### EXERCISE PROMPT:
Please repeat the data exactly. Any picture in it stays out.

Top of DATA PROVIDED

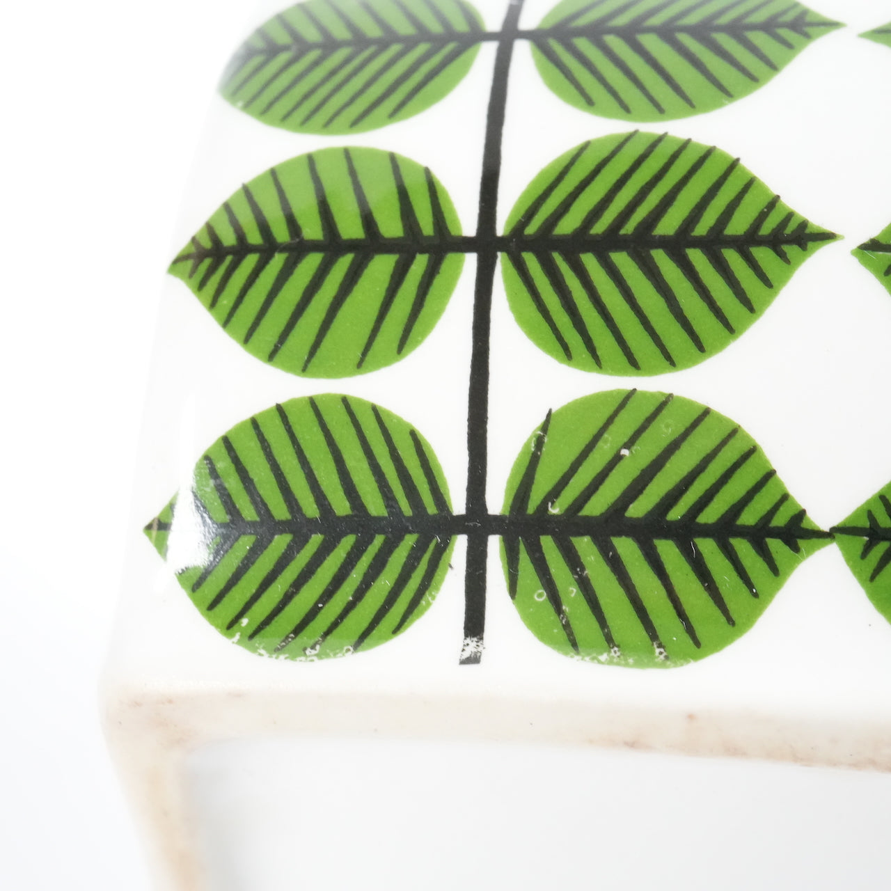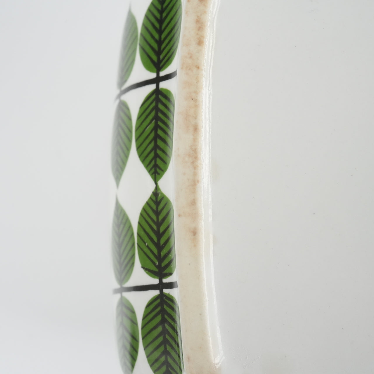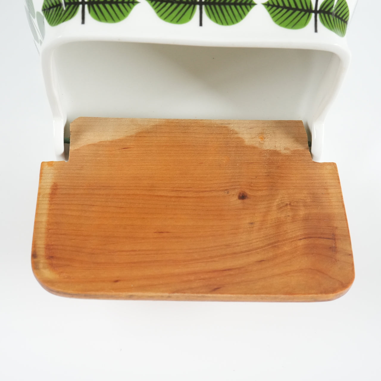スティグ・リンドベリが手掛けた名作《ベルサ》の、極めて希少なソルトボックスです。北欧食器のアイコンともいえる、葉っぱの反復模様。食卓に置いても、棚に掛けても成立する、実用品でありながらオブジェとしても強い存在感を放ちます。
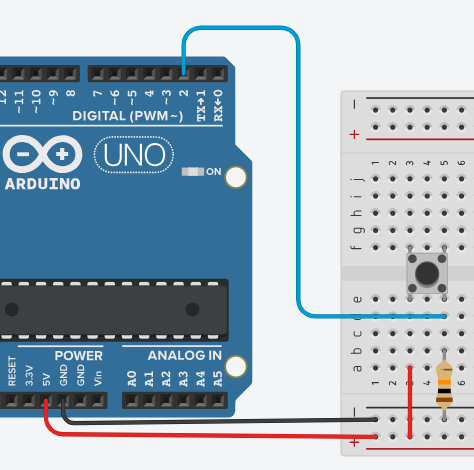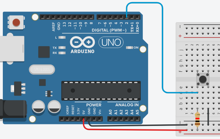 - Conectar un cable (azul) desde el pin digital 2 alineado entre el resistor y el lado positivo del pulsador.
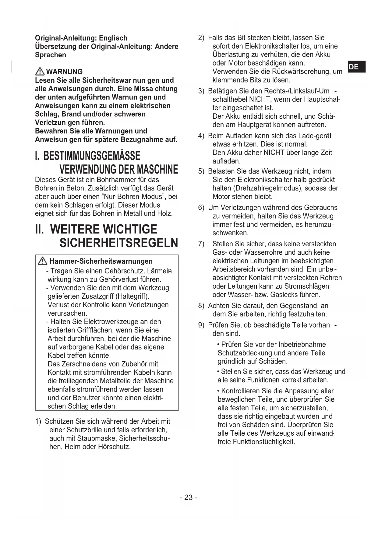 wirkung kann zu Gehörverlust führen. - Verwenden Sie den mit dem Werkzeug gelieferten Zusatzgriff (Haltegriff). Verlust der Kontrolle kann Verletzungen verursachen. - Halten Sie Elektrowerkzeuge an den isolierten Griffächen, wenn Sie eine Arbeit durchführen, bei der die Maschine auf verborgene Kabel oder das eigene Kabel treffen könnte. Das Zerschneidens von Zubehör mit Kontakt mit stromführenden Kabeln kann die freiliegenden Metallteile der Maschine ebenfalls stromführend werden lassen und der Benutzer könnte einen elektri
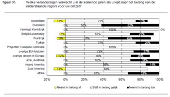Tweederde van de internationaal werkende bureaus verwacht dat de omzet in Duitsland toe zal nemen. Bijna de helft verwacht omzet uit Frankrijk. De belangrijkste buitenlandse markten voor kleinere en middelgrote bureaus zijn Engeland, Duitsland, België en Frankrijk, naast de overige EU landen.
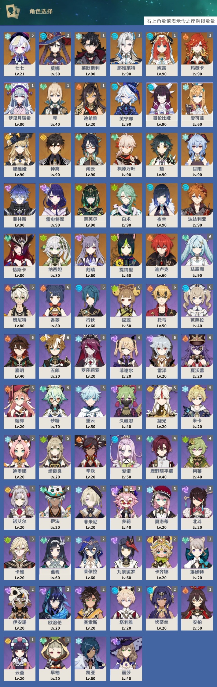 【29个五星角色】,5命七七,2命莫娜,1命莱欧斯利,1命那维莱特,1命妮露,1命玛薇卡,1命梦见月瑞希,1命琴,1命迪希雅,0命芙宁娜,0命哥伦比娅,0命爱可菲,0命娜维娅,0命钟离,0命闲云,0命枫原万叶,0命魈,0命甘雨,0命菲林斯,0命雷电将军,0命奈芙尔,0命白术,0命夜兰,0命达达利亚,0命恰斯卡,0命纳西妲,0命刻晴,0命提纳里,0命迪卢克,
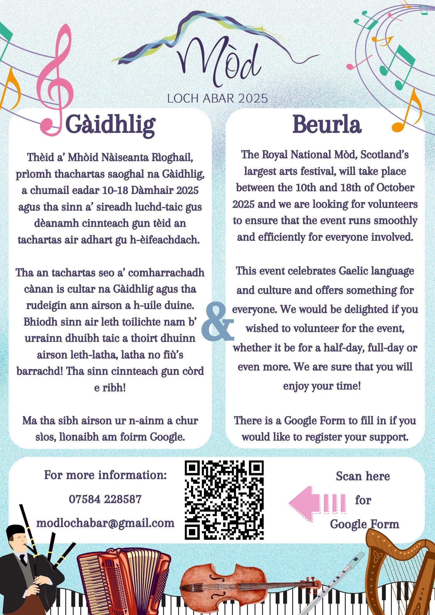 Tha Comataidh Ionadail Loch Abar air a bhith trang ag ullachadh gnothaichean gu h-ionadail airson Mòd na bliadhna seo. Nam biodh sibh deònach uair a thìde no dhà a thoirt dhaibh thairis air seachdain a’ Mhòid, cuiribh fios thuca!
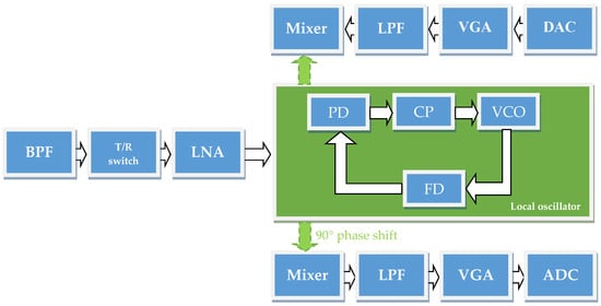 With the ongoing development of wireless communication technology, the design of reconfigurable RF integrated circuits (ICs) has become a crucial focus area for next-generation wireless sensing platforms. One of the most essential components of every wireless transceiver is the bandpass filter (BPF). Figure 1 presents the transceiver front-end circuit positioning a BPF as the first component in the processing chain. The BPF is directly integrated with the antenna without the inclusion of intermediary components, ensuring seamless and unimpeded interaction with the received signal. Upon reception, the antenna transmits the sensed signal to the BPF, which either selectively passes the desired frequency range or attenuates unwanted signals outside the target bandwidth. This filtering process ensures the integrity of the signal passed to the subsequent processing stages.
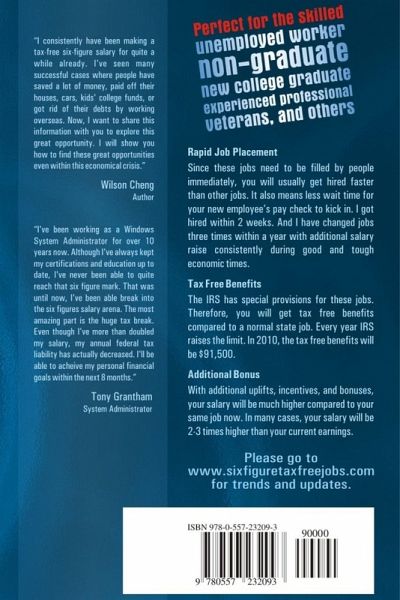 This book will show you where and how to find SIX FIGURE TAX FREE salary jobs even within this economical crisis. The author has been making TAX FREE SIX FIGURE salary for quite a while already. He wants to share this information with you to explore this great opportunity. The book will demonstrate his personal experiences, researches, salary comparisions, facts, testimonials from current employees, job search engines, and valuable companies web links. With up to date contact information for more than 170 companies actively hiring for five years and more. This book also shows you the techniques of approaching recruiters at the job fairs and gathering leads about these fast placement job opportunities. More than $90,000 tax free income exclusion annually. Perfect for skilled unemployed worker, non-graduate, experienced professional, veterans, and others. Mechanic complete package about $200K. Financial comtroller about $150K. Network Engineer about $200K and more examples. This book is a must buy.

Bottom of DATA PROVIDED

### EXERCISE RESPONSE:
スティグ・リンドベリが手掛けた名作《ベルサ》の、極めて希少なソルトボックスです。北欧食器のアイコンともいえる、葉っぱの反復模様。食卓に置いても、棚に掛けても成立する、実用品でありながらオブジェとしても強い存在感を放ちます。
 - Conectar un cable (azul) desde el pin digital 2 alineado entre el resistor y el lado positivo del pulsador.
 wirkung kann zu Gehörverlust führen. - Verwenden Sie den mit dem Werkzeug gelieferten Zusatzgriff (Haltegriff). Verlust der Kontrolle kann Verletzungen verursachen. - Halten Sie Elektrowerkzeuge an den isolierten Griffächen, wenn Sie eine Arbeit durchführen, bei der die Maschine auf verborgene Kabel oder das eigene Kabel treffen könnte. Das Zerschneidens von Zubehör mit Kontakt mit stromführenden Kabeln kann die freiliegenden Metallteile der Maschine ebenfalls stromführend werden lassen und der Benutzer könnte einen elektri
Tweederde van de internationaal werkende bureaus verwacht dat de omzet in Duitsland toe zal nemen. Bijna de helft verwacht omzet uit Frankrijk. De belangrijkste buitenlandse markten voor kleinere en middelgrote bureaus zijn Engeland, Duitsland, België en Frankrijk, naast de overige EU landen.
 【29个五星角色】,5命七七,2命莫娜,1命莱欧斯利,1命那维莱特,1命妮露,1命玛薇卡,1命梦见月瑞希,1命琴,1命迪希雅,0命芙宁娜,0命哥伦比娅,0命爱可菲,0命娜维娅,0命钟离,0命闲云,0命枫原万叶,0命魈,0命甘雨,0命菲林斯,0命雷电将军,0命奈芙尔,0命白术,0命夜兰,0命达达利亚,0命恰斯卡,0命纳西妲,0命刻晴,0命提纳里,0命迪卢克,
 Tha Comataidh Ionadail Loch Abar air a bhith trang ag ullachadh gnothaichean gu h-ionadail airson Mòd na bliadhna seo. Nam biodh sibh deònach uair a thìde no dhà a thoirt dhaibh thairis air seachdain a’ Mhòid, cuiribh fios thuca!
 With the ongoing development of wireless communication technology, the design of reconfigurable RF integrated circuits (ICs) has become a crucial focus area for next-generation wireless sensing platforms. One of the most essential components of every wireless transceiver is the bandpass filter (BPF). Figure 1 presents the transceiver front-end circuit positioning a BPF as the first component in the processing chain. The BPF is directly integrated with the antenna without the inclusion of intermediary components, ensuring seamless and unimpeded interaction with the received signal. Upon reception, the antenna transmits the sensed signal to the BPF, which either selectively passes the desired frequency range or attenuates unwanted signals outside the target bandwidth. This filtering process ensures the integrity of the signal passed to the subsequent processing stages.
 This book will show you where and how to find SIX FIGURE TAX FREE salary jobs even within this economical crisis. The author has been making TAX FREE SIX FIGURE salary for quite a while already. He wants to share this information with you to explore this great opportunity. The book will demonstrate his personal experiences, researches, salary comparisions, facts, testimonials from current employees, job search engines, and valuable companies web links. With up to date contact information for more than 170 companies actively hiring for five years and more. This book also shows you the techniques of approaching recruiters at the job fairs and gathering leads about these fast placement job opportunities. More than $90,000 tax free income exclusion annually. Perfect for skilled unemployed worker, non-graduate, experienced professional, veterans, and others. Mechanic complete package about $200K. Financial comtroller about $150K. Network Engineer about $200K and more examples. This book is a must buy.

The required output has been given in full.